Catch 22, by Joseph Heller
First, it’s funny. Laugh out loud, holy shit funny. Heller says it all about how we humans organize ourselves. In the course of my mediocre corporate career I occasionally gave a tattered paperback copy to young co-workers so that they could save time in grasping the inherent absurdity of adults being serious.

John Marshall: Definer of a Nation, by Jean Edward Smith
OK, now we’re into obscure, idiosyncratic territory. This biography of the early chief justice struck me several years ago as a good read—feeding my addiction to middle-brow history—and then lingered stubbornly in a comfortable back room of my mind. In addition to his admirable personal qualities (e.g., intelligence, loyalty, independence) Marshall demonstrates the case for pragmatic moderation, as opposed to wind-in-the-hair romantic idealism. Marshall’s political moderation was a product of thoughtful appreciation—which in itself is an under-appreciated virtue.

Ulysses, by James Joyce
Reminiscing in this bagel shop where I read Ulysses prompted today’s topic. I’ve already posted on this singular accomplishment (see “Reading Ulysses”). This dude is an indulgent soak in a sauna for the mind, if you’ll forgive the awkward metaphor. Joyce was so far ahead of his time that almost a century later we’re only just beginning to catch up. This work is a sort of conceptual IKEA product, but without the iconographic assembly instructions and without the constraint of only one version of the final product. Wending your way through Ulysses is like building your life: the pieces are spread out on the table, and you engage in a lot of chin-rubbing and thoughtful staring out the window to see how they may fit together.

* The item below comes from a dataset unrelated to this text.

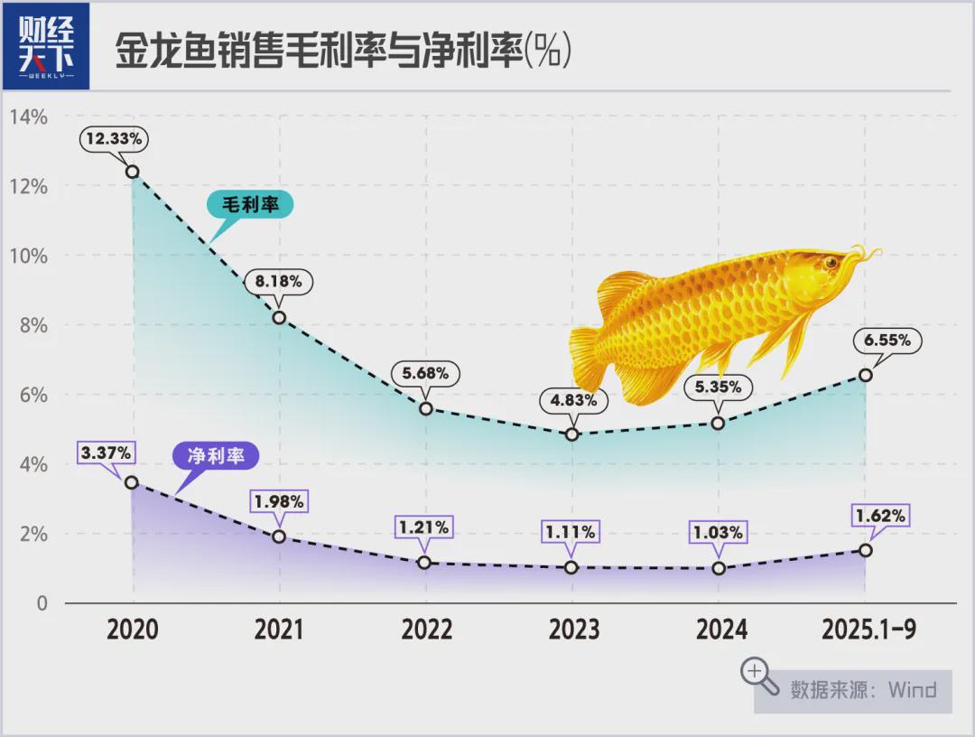 金龙鱼的销售毛利率长期在5%左右,销售净利率只有1.1%左右,扣非销售净利率更低,2023年、2024年及2025年前三季度分别为0.53%、0.41%、1.09%。

essays, etc. by George Orwell
You know Orwell from reading 1984 and Animal Farm in high school, but I’ll opine that he’s even better in non-fiction. His essays are crisp and clear, and strike me as diligently honest. He could write about brewing a cup of tea in a way that makes you want to savor a cup of the stuff. That’s no small feat.

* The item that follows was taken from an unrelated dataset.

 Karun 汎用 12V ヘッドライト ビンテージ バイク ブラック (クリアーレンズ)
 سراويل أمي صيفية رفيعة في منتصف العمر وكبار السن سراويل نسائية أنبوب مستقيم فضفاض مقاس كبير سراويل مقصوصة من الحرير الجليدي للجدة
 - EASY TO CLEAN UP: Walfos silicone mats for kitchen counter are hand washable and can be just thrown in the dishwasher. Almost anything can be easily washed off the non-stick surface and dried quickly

Simple and Direct, by Jacques Barzun
This paperback is slowly yellowing on my bookcase, beckoning for a re-read. The title sez it all: Professor Barzun understood the power and beauty of a simple declarative sentence. That’s good enough for me.

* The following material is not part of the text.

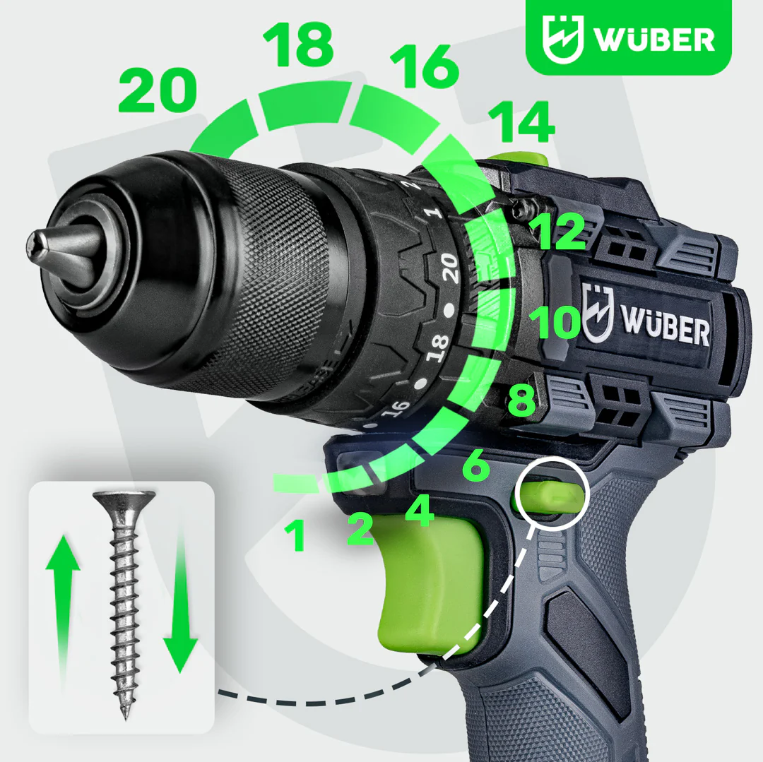 „Wuber“ 20 V smūginis akumuliatorinis gręžtuvas

Well, that’s enough fodder for today; I don’t want to overburden you.

The act of editing my comments brings to mind a common theme among these seemingly dissimilar works. Each writer pursued his craft with a clear, fearless and unpretentious honesty that strikes a chord within the reader, or at least this reader. These writers are among my most intimate friends and I am grateful for that. Read them…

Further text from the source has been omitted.